At first everything seems too quiet but then I hear a rustling in the bushes a short distance away, on the very edge of the trees. I still. It's obviously small, whatever it is, but that doesn't mean it's any less dangerous than an Ukrainian Ironbelly. It strikes me suddenly that it'd be far more humiliating to be killed by a baby dragon than a fully grown one. Most people would undoubtedly think it a fitting end for a Malfoy.
A baby Antipodean Opaleye topples out of the bushes on unsteady legs. It's tiny… no bigger than my mum's Persian cat, though hopefully it's a bit less temperamental. I still bear scratch marks on my legs from that monster. The Opaleye studies me with glittering eyes and moves unsteadily closer. She's beautiful, I suppose... in the same way poisonous snakes can be. Her scales are iridescent and pearly, and seem to sparkle in the late afternoon sun.
Against my better judgment, I kneel down in front of the little creature as it hobbles toward me and when it's near enough, I brush the back of my fingers over its smooth scales. " 'Lo beautiful." She hiccups, sending her head over arse sprawled across the ground. I scoop her up gingerly, certain that this goes against some kind of reservation protocol and that her mother is soon to burst through the trees to tell me off for my impudence.
Her paper thin wings flap uselessly, brushing against my arm. It's a strange feeling to hold something alive in my hands, to feel as though my very existence isn't destruction.
And for the first time, I think I might be okay here.
A few minutes later, I let her go and she wanders back to the trees, glancing over at me with her bright eyes before disappearing into the foliage.

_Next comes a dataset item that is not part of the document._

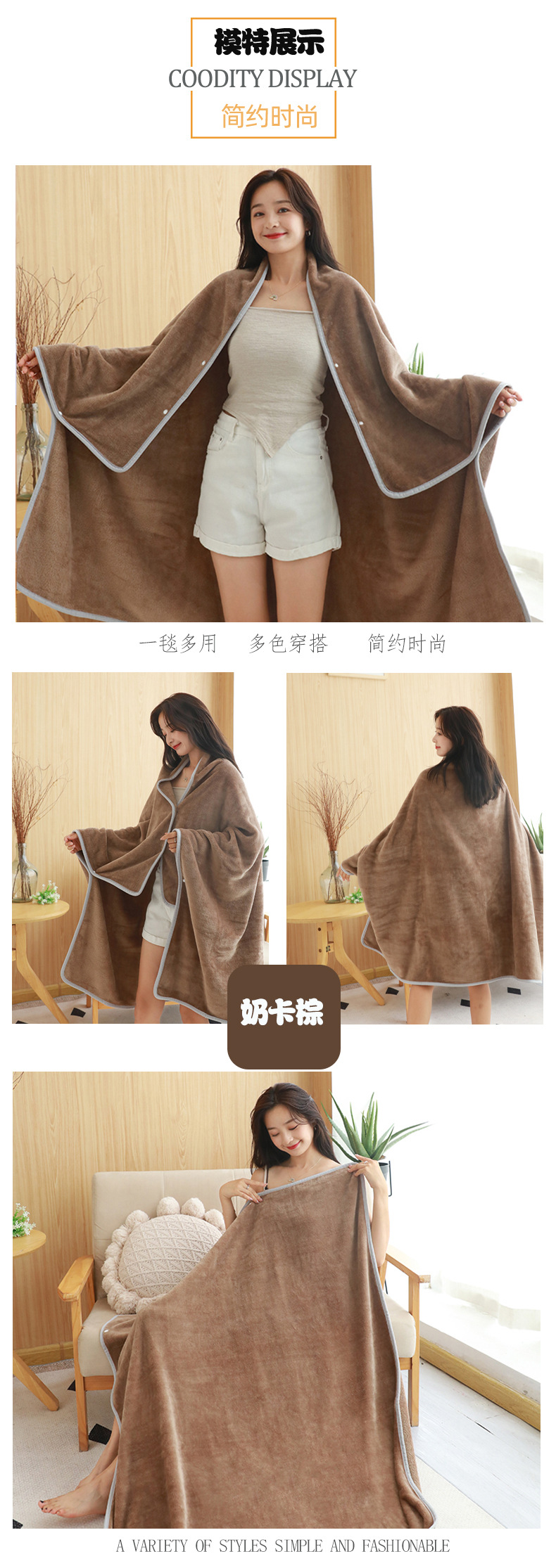 面料采用290至300平方克法兰绒,模特身高162厘米披的是160*100披风的效果,产品支持定制logo,具体细节要求请向客服咨询,运费为参考价,报价不含税运,量大向客服提请议价

When I stand and turn back to camp, Potter's standing on the hill with his arms folded. Watching me. As our eyes meet, he doesn't bother turning away or pretending as though his attention hadn't been fixed on me for who knows how long. This is what we've been doing for the past seven years anyway. Watching each other. Two sides of the same coin.
He doesn't acknowledge me at all. Instead, he merely turns around to head back to our tent without so much as a nod or a wave.
xxx
The next morning comes far more quickly than I am accustomed, having grown used to sleeping until the sun was high in the sky since I left Hogwarts. Without anything to do, waking up early seems a bit pointless. Having been roused when the sun's still nothing more than a pink tinge in the sky makes me cranky and irritable, though that might be more to do with the fact that I've been denied my morning wank than anything else. Potter had woken me up ten minutes before breakfast, the bastard, and I'd sat through the meal, groggily shoving bits of toast into my dry mouth.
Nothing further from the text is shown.